◆ PROVIDED MATERIAL
-----

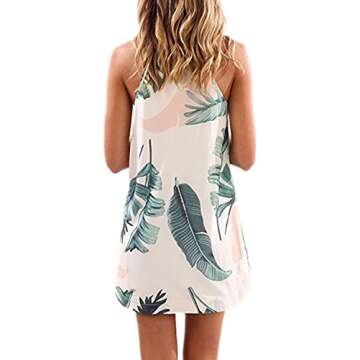 Asvivid Womens Halter Floral Print Sleeveless Beach Mini Short Dress Medium Leaf
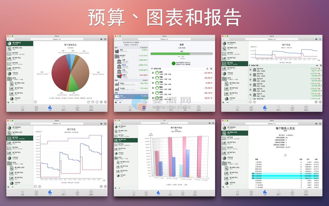 iFinance 4 提供了大量易于定制的图表和报告。根据您制定的规格,iFinance 会分析您的钱从哪来,又花在了哪些地方。使用预算功能找出您本月的余额或者您是否成功留下了足够的钱供月底消费。预算还可以为指定类别创建,例如服装、杂货或晚上看电影的每月预算。
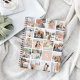 Customise this spiral notebook with 19 square photos arranged in a grid collage layout, with your single initial monogram on a blush pink square at the lower right. Back cover has tone on tone stripes in millennial pink.
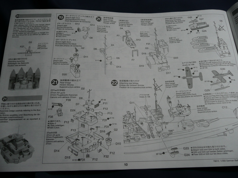 The instructions booklet provides the specs and a short history of the Bismarckright up to its fateful demise. Assembly instructions are carried out over 22 steps in with clear pictorials and is not at all complicated.

-----

◆ YOUR OBJECTIVE
The listing is to be repeated exactly, with its pictures removed.

◆ TASK RESULT
 Asvivid Womens Halter Floral Print Sleeveless Beach Mini Short Dress Medium Leaf
 iFinance 4 提供了大量易于定制的图表和报告。根据您制定的规格,iFinance 会分析您的钱从哪来,又花在了哪些地方。使用预算功能找出您本月的余额或者您是否成功留下了足够的钱供月底消费。预算还可以为指定类别创建,例如服装、杂货或晚上看电影的每月预算。
 Customise this spiral notebook with 19 square photos arranged in a grid collage layout, with your single initial monogram on a blush pink square at the lower right. Back cover has tone on tone stripes in millennial pink.
 The instructions booklet provides the specs and a short history of the Bismarckright up to its fateful demise. Assembly instructions are carried out over 22 steps in with clear pictorials and is not at all complicated.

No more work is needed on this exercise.